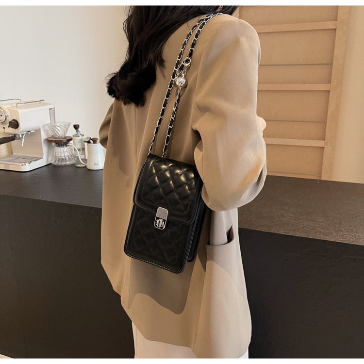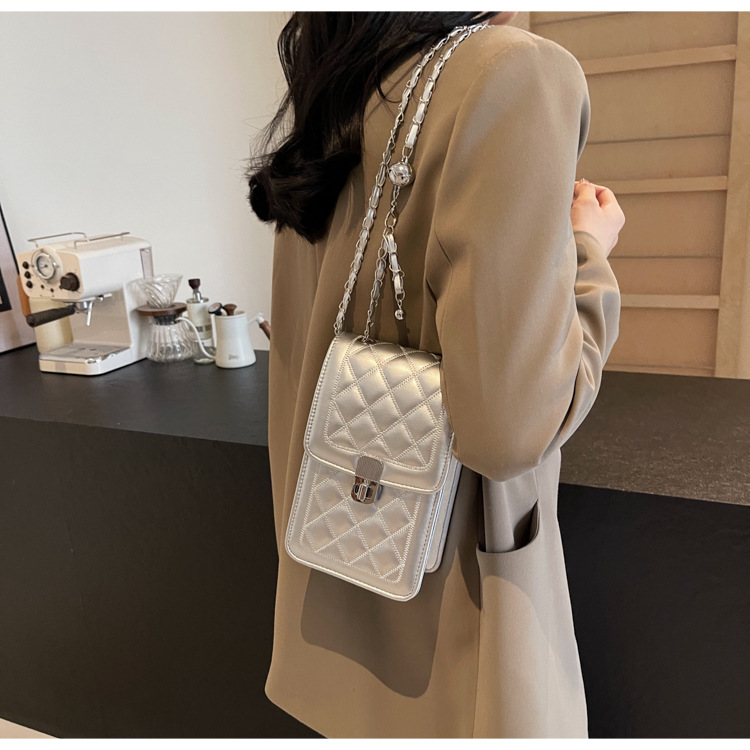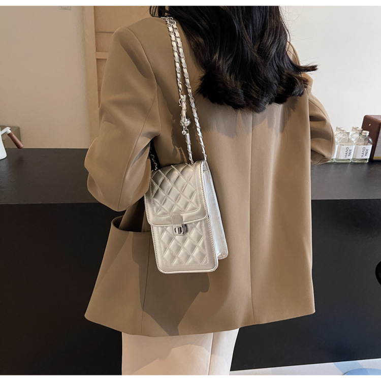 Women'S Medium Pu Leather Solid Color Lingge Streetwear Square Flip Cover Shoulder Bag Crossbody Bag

==

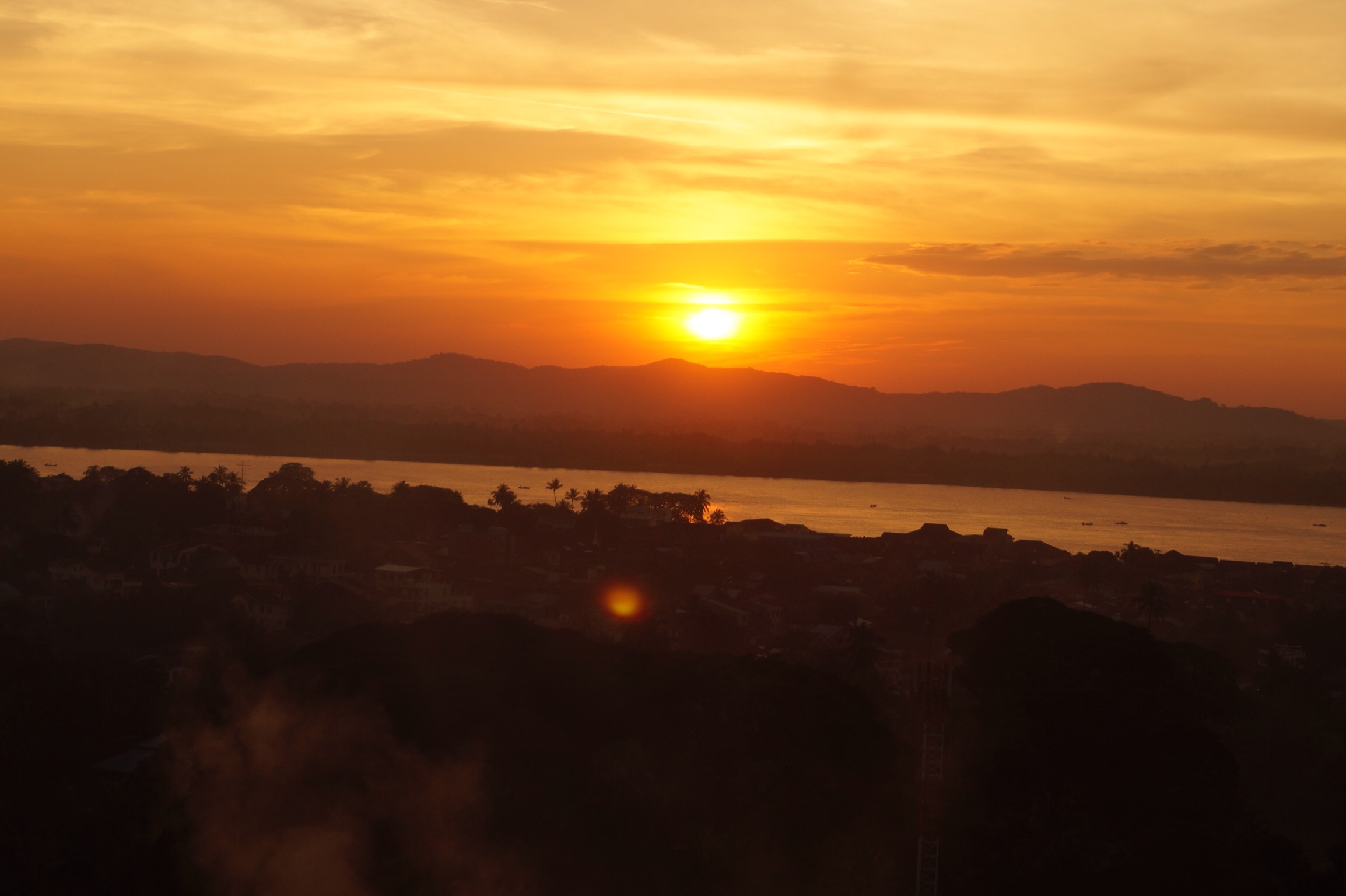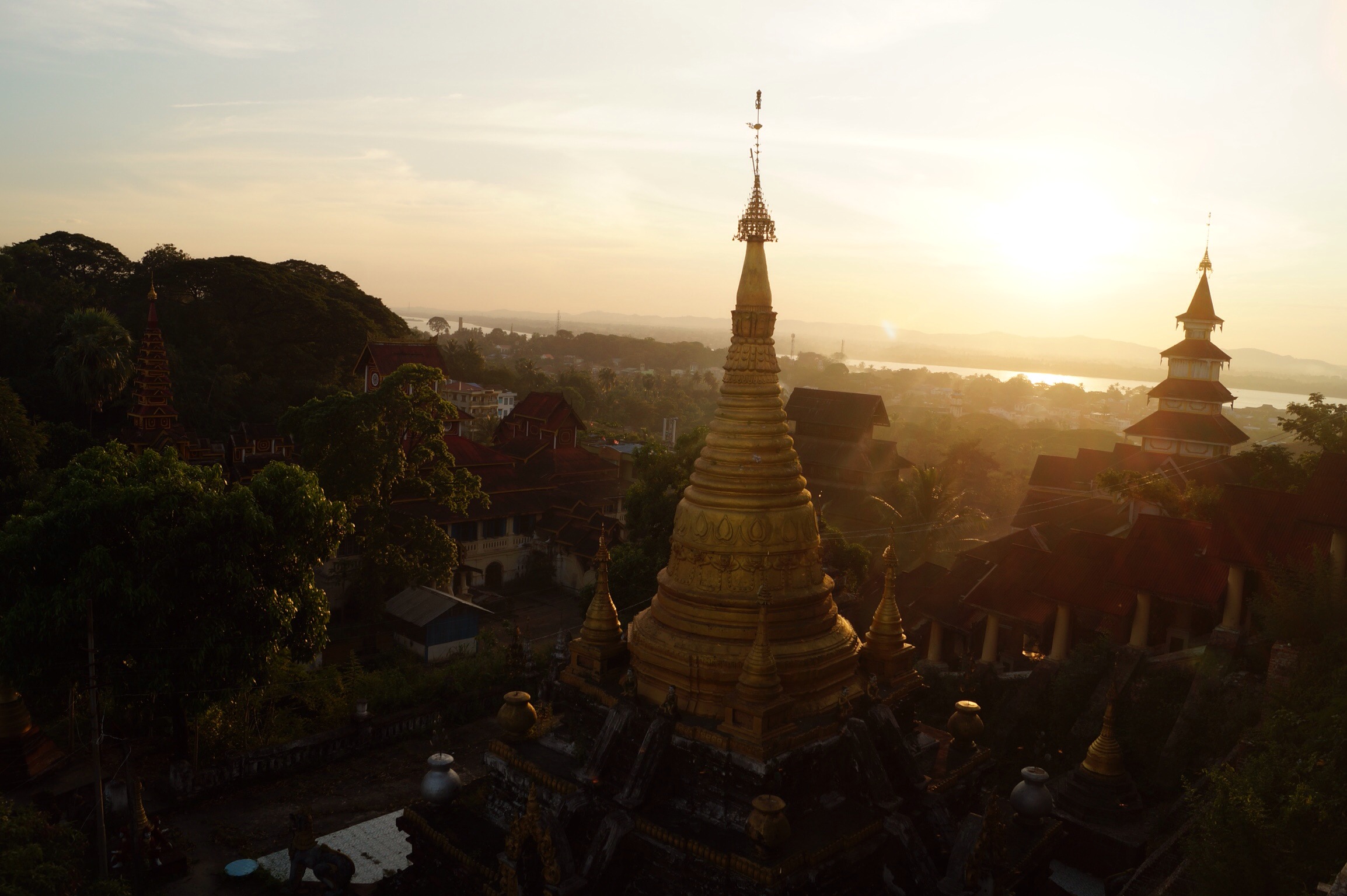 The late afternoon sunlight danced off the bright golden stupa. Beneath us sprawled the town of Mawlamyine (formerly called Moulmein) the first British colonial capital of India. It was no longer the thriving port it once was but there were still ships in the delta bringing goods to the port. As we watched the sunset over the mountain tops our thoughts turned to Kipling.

==

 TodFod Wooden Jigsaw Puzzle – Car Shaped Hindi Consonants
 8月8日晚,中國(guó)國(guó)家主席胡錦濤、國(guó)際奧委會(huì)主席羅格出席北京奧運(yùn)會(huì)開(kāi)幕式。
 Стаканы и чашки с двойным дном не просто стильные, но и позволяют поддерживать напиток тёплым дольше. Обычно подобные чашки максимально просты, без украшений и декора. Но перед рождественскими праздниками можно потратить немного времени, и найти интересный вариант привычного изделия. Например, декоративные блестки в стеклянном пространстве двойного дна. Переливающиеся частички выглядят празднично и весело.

DESCRIPTION OF THE TASK: In the listing above, the lines from the one containing "TodFod Wooden Jigsaw" through the one containing "8月8日晚,中國(guó)國" must be set down exactly, with no other lines.

ANSWER TO THE EXERCISE:
 TodFod Wooden Jigsaw Puzzle – Car Shaped Hindi Consonants
 8月8日晚,中國(guó)國(guó)家主席胡錦濤、國(guó)際奧委會(huì)主席羅格出席北京奧運(yùn)會(huì)開(kāi)幕式。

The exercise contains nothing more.